The problem with philosophy in mathematics is that it is no longer part of the high school curriculum (at least not here in Ontario). It used to be, but in the last reorganization of the curriculum, it was sadly removed.
Most of us don't get to study this in university either. Most science majors are directed into some form of applied math (frequently calculus, the Bane of Geologists*; otherwise statistics). Consequently, most don't think about the differences between scientific reasoning and that of the mathematical kind. I know I never used to.
Scientific reasoning is inductive; meaning that whatever truths there are in the Universe have to be inferred from observations. You never know if your perception of the truth is accurate, however, all you can say about it is that it appears to be consistent with observations.
Mathematical reasoning is different because mathematics is a human construct. A system of mathematics is composed of a few true statements and a set of rules (rules of inference) for transforming those few true statements (axioms) into other true statements (theorems). The rules are chosen carefully so that the statements which sprout from them are true, provided they were seeded with truths.
But we get to decide what rules to apply. We don't always have to agree; but like playing a game, if we change the rules, we change the game. That doesn't mean that other games are less enjoyable than the one we normally play.
For Euclidean geometry, one of the axioms states that given a line and a point not on the line, there is only one line parallel to the first which passes through the point. However, if you want to play a game where there are no parallel lines, then you are pursuing elliptic geometry. Or if you prefer to have more than one parallel line, in which case you are pursuing hyperbolic geometry. Arguing about which one is true is meaningless.
What defines a great mathematical system? Well, first of all, it should be consistent--meaning that as long as you apply the rules of inference to a true statement, only true statements result. In other words, all provable statements are true.
Secondly, we would like the system to be complete, meaning that it is possible to prove all true statements. In other words, all true statements are provable.
Both of these criteria have different meanings, despite their similarity. A major goal for mathematicians has been to develop a system which is both consistent and complete, and in their Principia Mathematica, Whitehead and Russell believed they had accomplished this.
Consistency is easy--the key is that the rules of inference tend to be simple (e.g., if a = b, then a + c = b + c). But completeness is really difficult. Can we know every true statement? Can we know they are all true?
Consider Fermat's last theorem. First proposed (as far as we know) in 1637, it was not successfully proven until 1994. So for over 350 years, the truth of this theorem was unknown (it was then called Fermat's Conjecture). Once it was proven, we knew it was true. Prior to its proof, it was also a true statement, but we didn't know it was true. There may be other true statements out there that remain unproven. There are probably other conjectures which may be false, but our inability to prove them is not enough, by itself, to know that they are false.

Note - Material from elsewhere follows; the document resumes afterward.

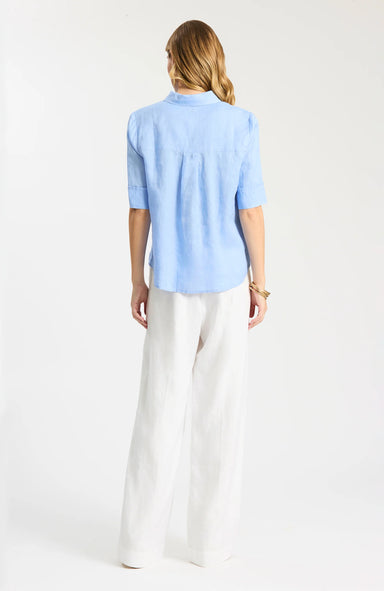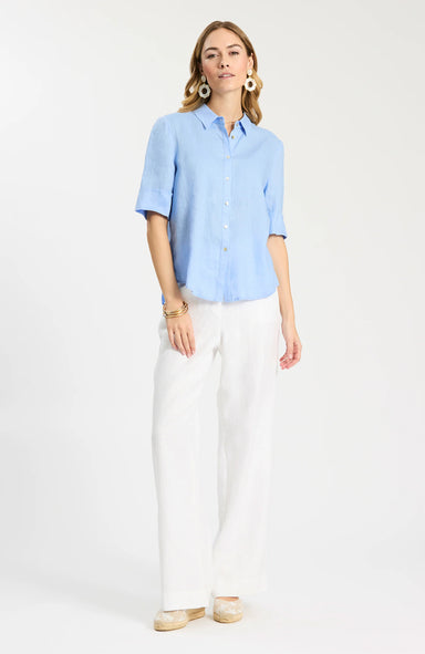 Point collar Button-front closure Short sleeves with a wide cuff 100% Linen Machine wash cold, line dry

So completeness is a very difficult hurdle to cross.
Spoiler alert--this discussion was rendered moot by Godel, who in 1931 showed that all non-trivial mathematical systems are either incomplete or inconsistent. We normally insist on consistency--the price is completeness. There are always unprovable truths.
Which brings us to Tron: Legacy (2010). There may be some spoilers ahead.
In this film, we have the character Flynn, who is the Creator of a virtual universe, his creation (Clu), his son (Sam), and his apprentice (Quorra). It's an old story--the one about the creation turning on his creator. Flynn has been seeking to create a 'perfect universe'; unfortunately, what is meant by perfect is not adequately described. Flynn does reference freedom and openness a lot.
The essential conflict in the story is between Flynn and his creation. Through flashbacks, we learn that as Flynn is building the virtual world, something unexpected happens. A new group of programs, isomorphic algorithms ('Isos') appears. When asked how they appeared, Flynn says, "They manifested . . . the conditions were right and they just appeared."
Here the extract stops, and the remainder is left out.